» BRIEF:
Pictures excluded, return the lines below from the first through the line holding "Layers > Duplicate.".

» DATASET EXCERPTS:
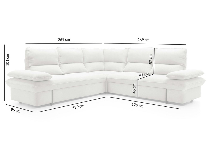 Narożnik SOFIA z funkcją spania. Komfortowa sofa narożna wyprodukowana w Polsce, która spełni wszystkie Twoje wymagania. Siedzisko oraz oparcie wykonano ze sprężyny falistej oraz pianki PUR, która zapewnia najwyższą trwałość oraz wygodę. Możliwość wyboru tkaniny umożliwia stworzenie sofy idealnej do Twojego wnętrza. Praktycznym rozwiązaniem jest funkcja spania, która będzie idealnym zamiennikiem dla dodatkowego łóżka podczas przyjazdu gości oraz kiedy będzie chęć na dłuższy seans przy telewizorze. Wbudowany pojemnik na pościel pomoże w codziennym utrzymaniu porządku. Sofia to elegancka propozycja, która uzupełni zarówno klasyczne, jak i nowoczesne wnętrza. Wymiary: wys. 101 cm / szer. 269 cm / gł. 269 cm Wysokość do krawędzi siedziska: 45 cm.
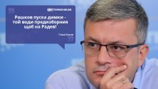 „Той е един фалшив герой, който се представя за пострадал от Прехода, а има 19 имота", продължи с констатациите бившият депутат... Излиза, хвърля димка. Това са долнопробни ченгесарски димки и номера, гледахме ги на миналите избори“, добави той във връзка с думите на Рашков от по-рано днес, че ще разследва докрай всичко, построено от Борисов и партията му.
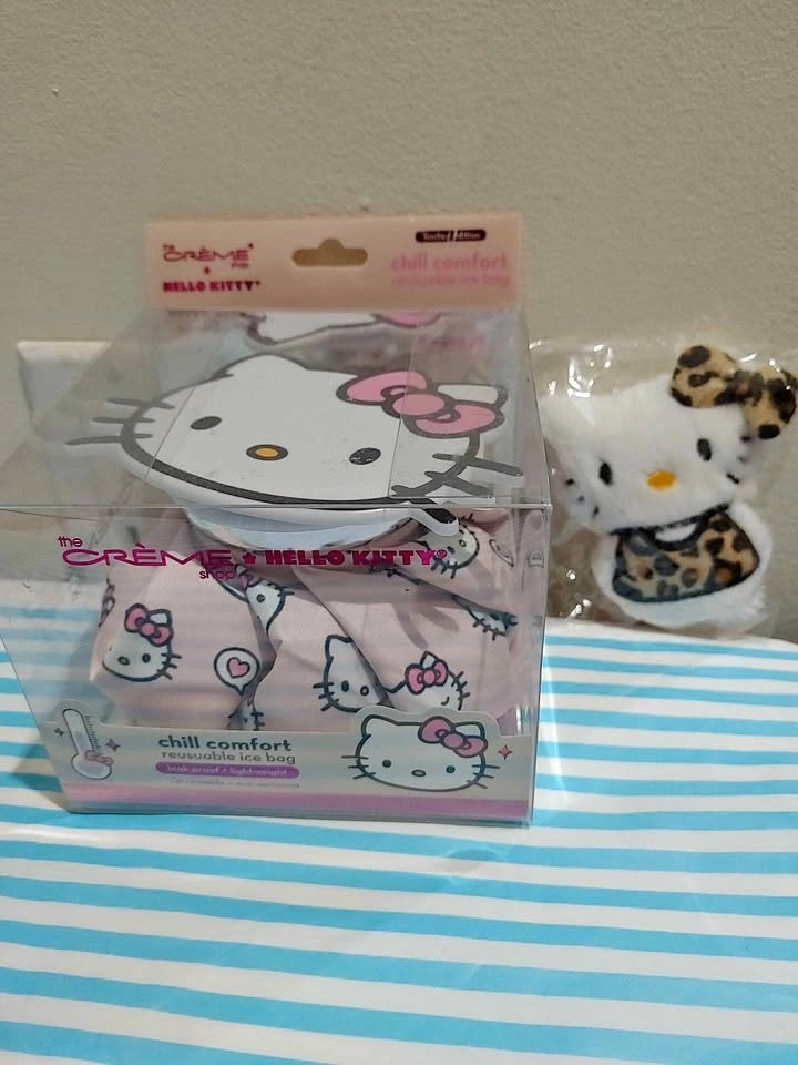 Item is a Crème Shop reusable ice bag featuring Hello Kitty.
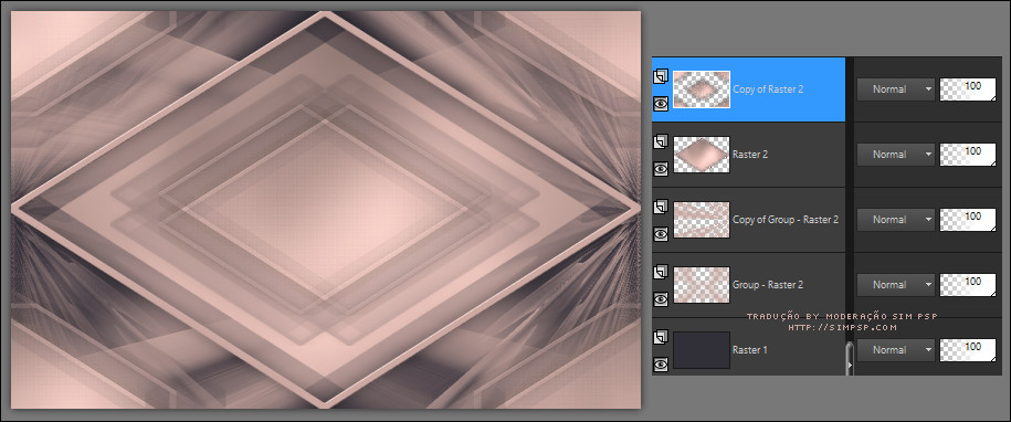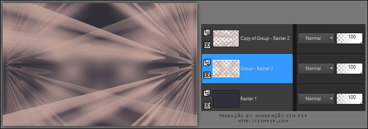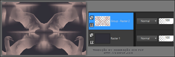 Layers > Duplicate. Image > Mirror > Mirror Horizontal. Layers > Properties > General > Opacity: 50% Layers > Merge > Merge Down. Ativar a layer Group - Raster 2. Adjust > Blur > Gaussian Blur: 25
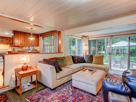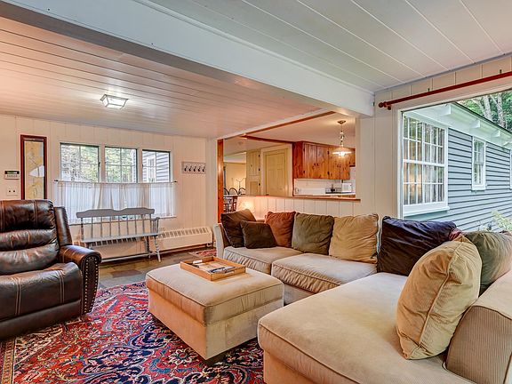 Delayed Showings - they being 11/25/24. Seasonal Rental December 1-June 4th for $16,800. Adorable and charming rental in prime North Conway location. Fully furnished and ready to move in, enjoy this ski season less than two miles to the base of Cranmore Mountain! This cottage cape is clean, cozy and has been incredibly well maintained. The living room features an inviting sectional sofa with wood burning fireplace and large brick hearth. The large windows with glass sliders leading out to the back patio and level backyard. The kitchen is nicely sized with tons of cabinet and counter space and fully equipped, ready for your home cooked cozy winter meals. The formal dining room off the kitchen is a wonderful space to gather with friends and family. The primary bedroom is comfortable with a convenient half bath, and the second bedroom is spacious with a wall of built-ins for great closet space. Also in the hall is a shared full bathroom. The garage provides extra storage and convenience for your vehicle in the winter months. Come and see!

» RESPONSE BOX:
 Narożnik SOFIA z funkcją spania. Komfortowa sofa narożna wyprodukowana w Polsce, która spełni wszystkie Twoje wymagania. Siedzisko oraz oparcie wykonano ze sprężyny falistej oraz pianki PUR, która zapewnia najwyższą trwałość oraz wygodę. Możliwość wyboru tkaniny umożliwia stworzenie sofy idealnej do Twojego wnętrza. Praktycznym rozwiązaniem jest funkcja spania, która będzie idealnym zamiennikiem dla dodatkowego łóżka podczas przyjazdu gości oraz kiedy będzie chęć na dłuższy seans przy telewizorze. Wbudowany pojemnik na pościel pomoże w codziennym utrzymaniu porządku. Sofia to elegancka propozycja, która uzupełni zarówno klasyczne, jak i nowoczesne wnętrza. Wymiary: wys. 101 cm / szer. 269 cm / gł. 269 cm Wysokość do krawędzi siedziska: 45 cm.
 „Той е един фалшив герой, който се представя за пострадал от Прехода, а има 19 имота", продължи с констатациите бившият депутат... Излиза, хвърля димка. Това са долнопробни ченгесарски димки и номера, гледахме ги на миналите избори“, добави той във връзка с думите на Рашков от по-рано днес, че ще разследва докрай всичко, построено от Борисов и партията му.
 Item is a Crème Shop reusable ice bag featuring Hello Kitty.
 Layers > Duplicate. Image > Mirror > Mirror Horizontal. Layers > Properties > General > Opacity: 50% Layers > Merge > Merge Down. Ativar a layer Group - Raster 2. Adjust > Blur > Gaussian Blur: 25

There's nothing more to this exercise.